Exercise instructions — A verbatim copy is needed of the lines below from the one containing "Шпатула, произведена от" up to and including the one containing "Цикловой график строится", excluding pictures.

** Opening The data block **

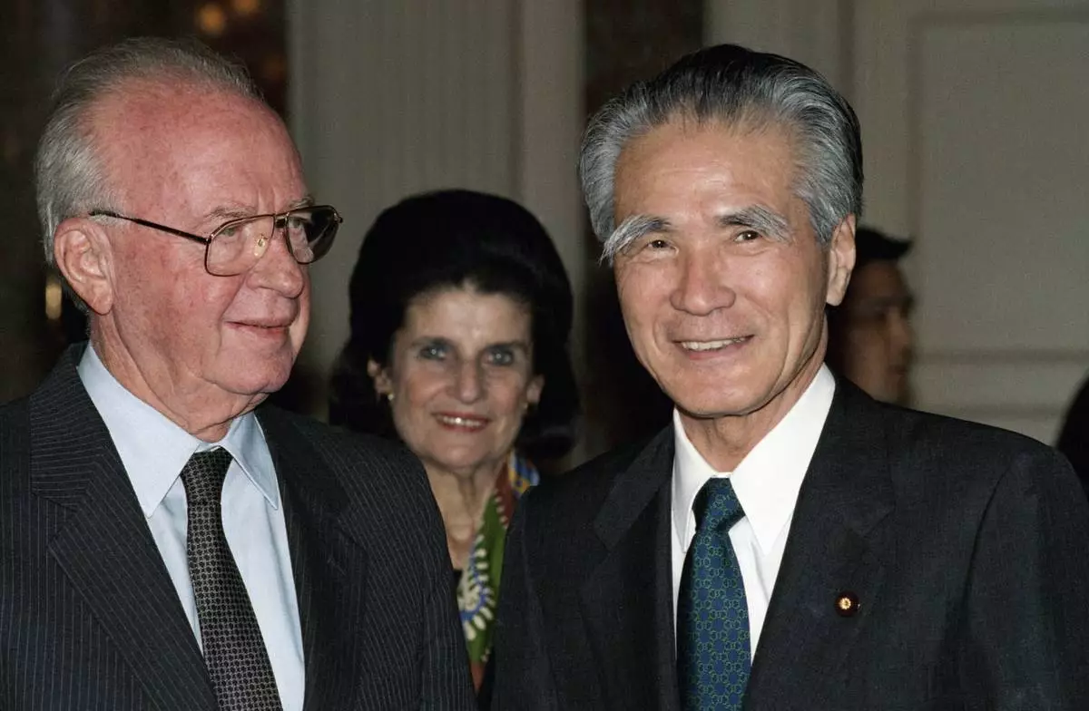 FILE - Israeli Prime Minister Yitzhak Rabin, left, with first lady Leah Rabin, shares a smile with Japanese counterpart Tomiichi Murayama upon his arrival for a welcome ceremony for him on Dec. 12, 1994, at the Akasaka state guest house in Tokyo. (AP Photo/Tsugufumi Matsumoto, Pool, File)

** Closing The data block **
** Opening The data block **

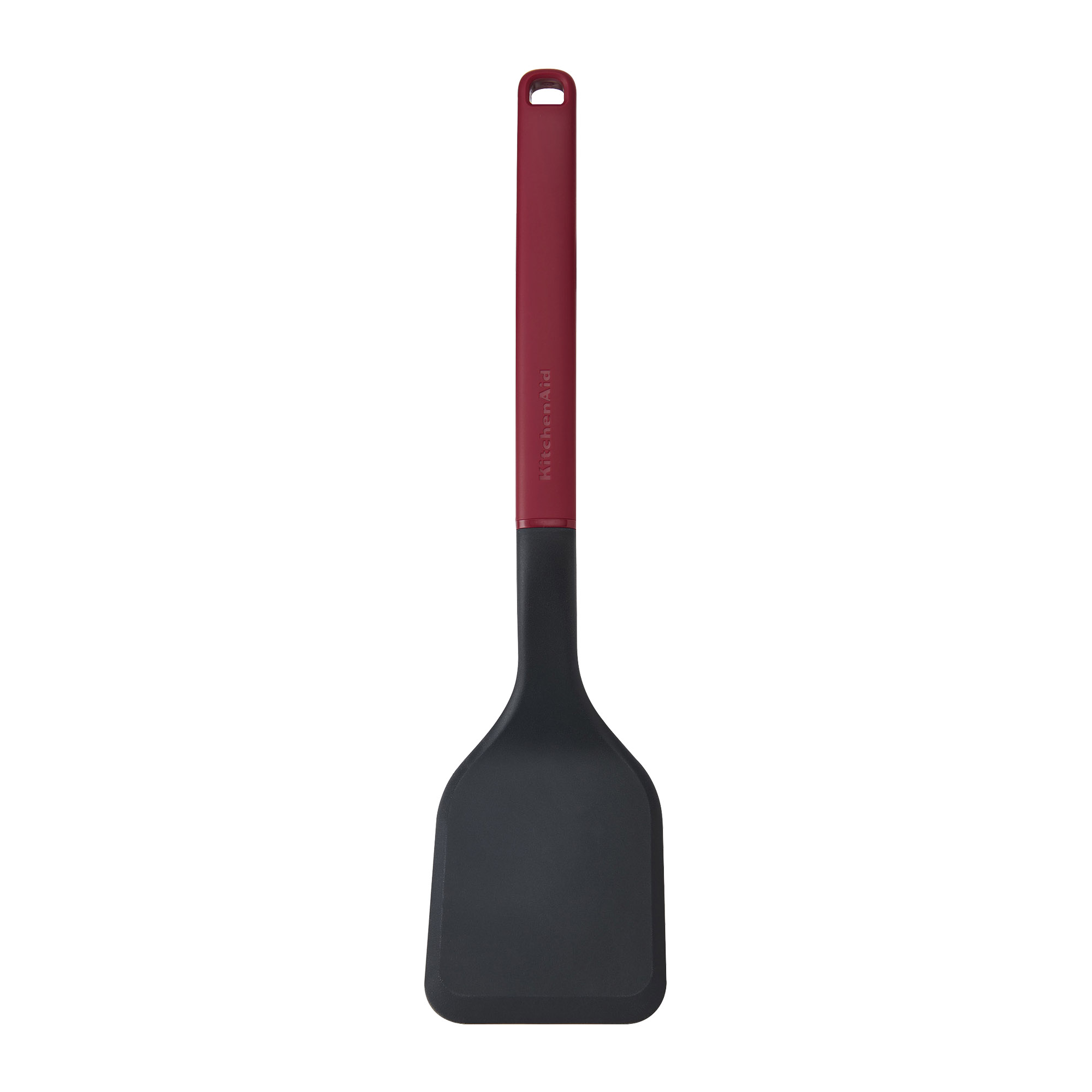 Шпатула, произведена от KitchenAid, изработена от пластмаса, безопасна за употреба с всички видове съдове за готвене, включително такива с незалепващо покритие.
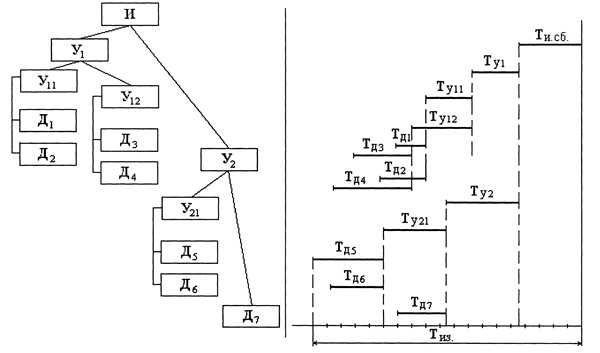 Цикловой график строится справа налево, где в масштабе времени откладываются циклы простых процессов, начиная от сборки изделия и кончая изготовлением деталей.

** Closing The data block **

Reply —
 Шпатула, произведена от KitchenAid, изработена от пластмаса, безопасна за употреба с всички видове съдове за готвене, включително такива с незалепващо покритие.
 Цикловой график строится справа налево, где в масштабе времени откладываются циклы простых процессов, начиная от сборки изделия и кончая изготовлением деталей.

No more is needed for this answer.